Rebecca Chace
photo by Nina Subin
Rebecca Chace is the author of the novel Leaving Rock Harbor (Scribner, June, 2010) and the memoir, Chautauqua Summer (1993) which was a New York Times “Notable Book," as well as “Editor's Choice" and "Picks for Summer" in the New York Times Book Review. She is also the author of the novel Capture the Flag (1999). Her essay in Fiction Magazine, “Looking for Robinson Crusoe," was recently nominated for a Pushcart prize.
Capture the Flag was adapted as a screenplay by Rebecca and director Lisanne Skyler. The short film, with screenplay also co-written by Chace and Skyler, was shot during the summer of 2009; it premiered at the Aspenshortsfest International Competition in April, 2010, and will be screened at the Nantucket Film Festival in June. The feature length screenplay adaptation was shortlisted for the Sundance Screenwriter’s Lab in January 2008.

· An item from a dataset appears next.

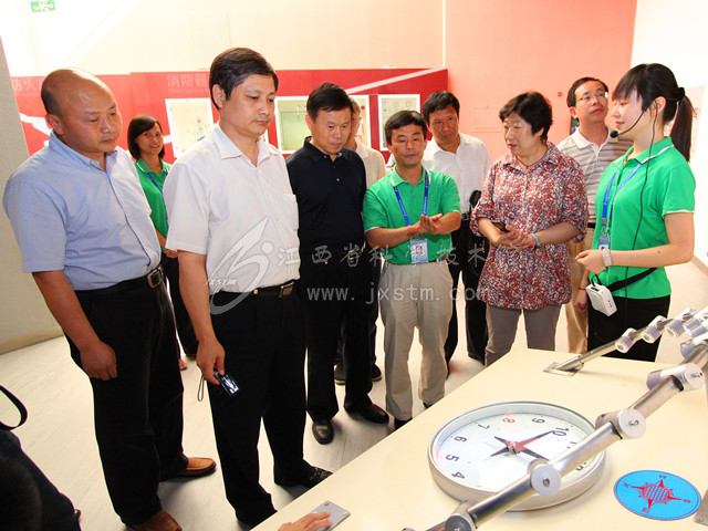 2013年7月10日下午,江西省科技厅厅长洪三国一行莅临省科技馆,考察调研我馆科学教育与科普传播、场馆设施及运行情况。洪厅长实地察看了主展厅一至三楼,并慰问工作人员,询问科技馆建设、展品展项及游客接待情况,观看了“能量穿梭机”、“机器人剧场”、“高压放电”等展品演… -

Rebecca is also an actress and has moonlighted as a trapeze artist and likes to occasionally swing flaming torches (outdoors only). Her plays include: Colette (Theatre for the New City) in which she played Colette and hung from a trapeze. Her adaptation of Kate Chopin's novel, The Awakening, was produced by Book-It Repertory Theatre at the Seattle Repertory Theatre and had a second production at Seattle Rep. in June, 2005.
Rebecca received a grant from A Contemporary Theatre in Seattle and A.S.K. Theatre Projects in Los Angeles as part of the FringeACT festival for her play Vershinin’s Wife. She was a writer-in-residence with New York Theatre Workshop’s summer retreat at Vassar College in 2004; a MacDowell Fellow in January, 2010; and spent a month at Yaddo in 2010 to work on her fourth book, Looking for Robinson Crusoe, a genre blend of literary memoir and fiction. She is a Visiting Assistant Professor in First Year Seminar at Bard College and a part-time faculty member of the City College of New York, in the MFA Creative Writing Program, where she teaches Fiction and Dramatic Writing.
One of her favorite things in the world is to sing country western songs in the Doghouse Band with the usual suspects from the Bennington Writing Seminars.